Of the 20 or so enslaved Africans that came to Point Comfort, some were granted their freedom and in some cases were able to purchase the freedom of their relatives, own land, and even employ indentured servants. Some of the Africans – by intermingling with the English colonists, had children who ended up passing for white. This was during the time between 1619 and 1661. In 1661, Virginia established a law legalizing lifelong servitude of all un-free Africans.
400 Years of African-American History
The Association for the Study of African American Life and History, the custodian of Black History Month, is taking the lead in paying tribute to the 400th year commemoration of the first Africans to land in Virginia. Two years ago, Congress established the 400 Years of African-American History Commission.
And for the past two years, the Hampton 2019 Commemoration Commission and Virginia’s “2019 Commemoration, American Evolution” have sponsored programs and events highlighting the first landing and other significant events in the state’s and nation’s history.
Some would say a 400-year commemoration is counterproductive – arguing why bother about something that ended up as being the reason for our Civil War and years of oppression. Some declare that 1619 marked the beginning of slavery in England’s American colonies – but they are wrong.
First, there were African slaves in the English colony of Bermuda before 1619. Second, the status of those “20. and odd Negroes” from the White Lion is still a matter of contention, according to USA Today.
“The 1619 story is only important for the people who develop within the nation-state that becomes known as the United States,” notes Daryl Scott, a professor of history at Howard University in Washington and a past president of the Association for the Study of African American Life and History.

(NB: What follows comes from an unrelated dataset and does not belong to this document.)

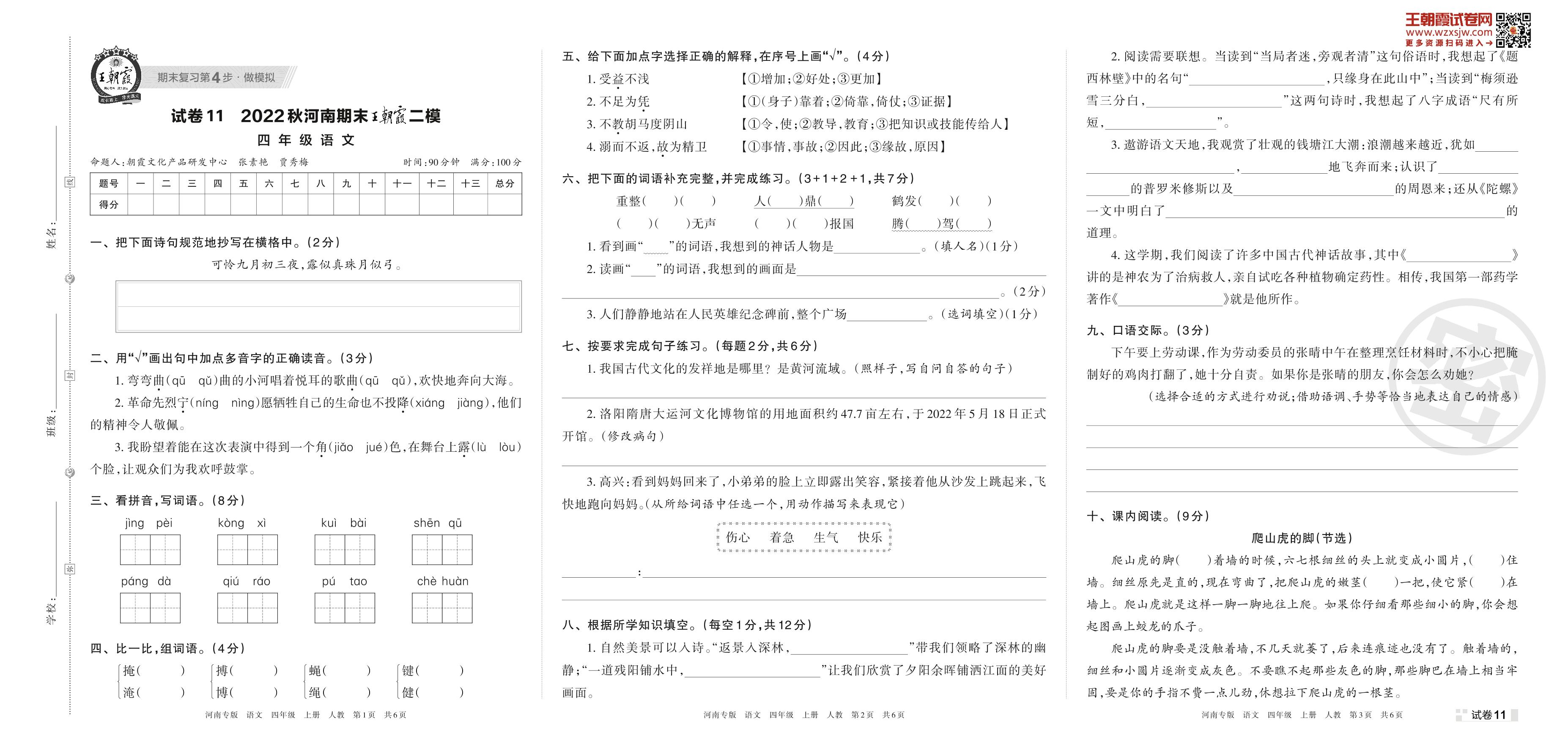 王朝霞期末模拟卷四年级上册语文(人教版)_R221111164305191【11】

“It’s about how you define the history that you’re telling.” He also points out that we should consider the arrival of African slaves in Spain, Portugal, and Italy, as well as in the Arab world, dating back to the 15th century.
“There is a tendency to simplify our story, to have a definitive start and end date, to say that slavery began on this day, when we actually don’t know; to say that black people arrived on this date so that we can mark it,” says Karsonya Wise Whitehead, a professor of communication and history at Loyola University Maryland. “That’s part of being American. We like to mark things. But our history is more complicated than that.”
A teachable moment for Virginia
Dinizulu Gene Tinnie is a South Florida-based artist, activist, and historian. He wrote a guest column in the Florida Courier today that is really thought-provoking. He likens the new knowledge we have on the first Africans to arrive in Virginia, and their importance in our history to what Native American First Nations people have recognized as a “Time of Awakening,” from which there is no escape or going back to past ignorance.
Writing that “knowledge is power” is given new meaning when Black Americans can realize their history and other contributions to the fabric that is America is just as meaningful as the history of Native Americans and other races. And Tinnie also asks that we remember that a quadricentennial only comes once in a very long time.
Only this generation, living today, can collect and preserve the historical facts that were either unavailable or too painful for those before us. If this is not done, those memories, events, including the ones most hurtful, will be lost forever. Today, we have an opportunity to make our nation’s Black History Month a teachable moment.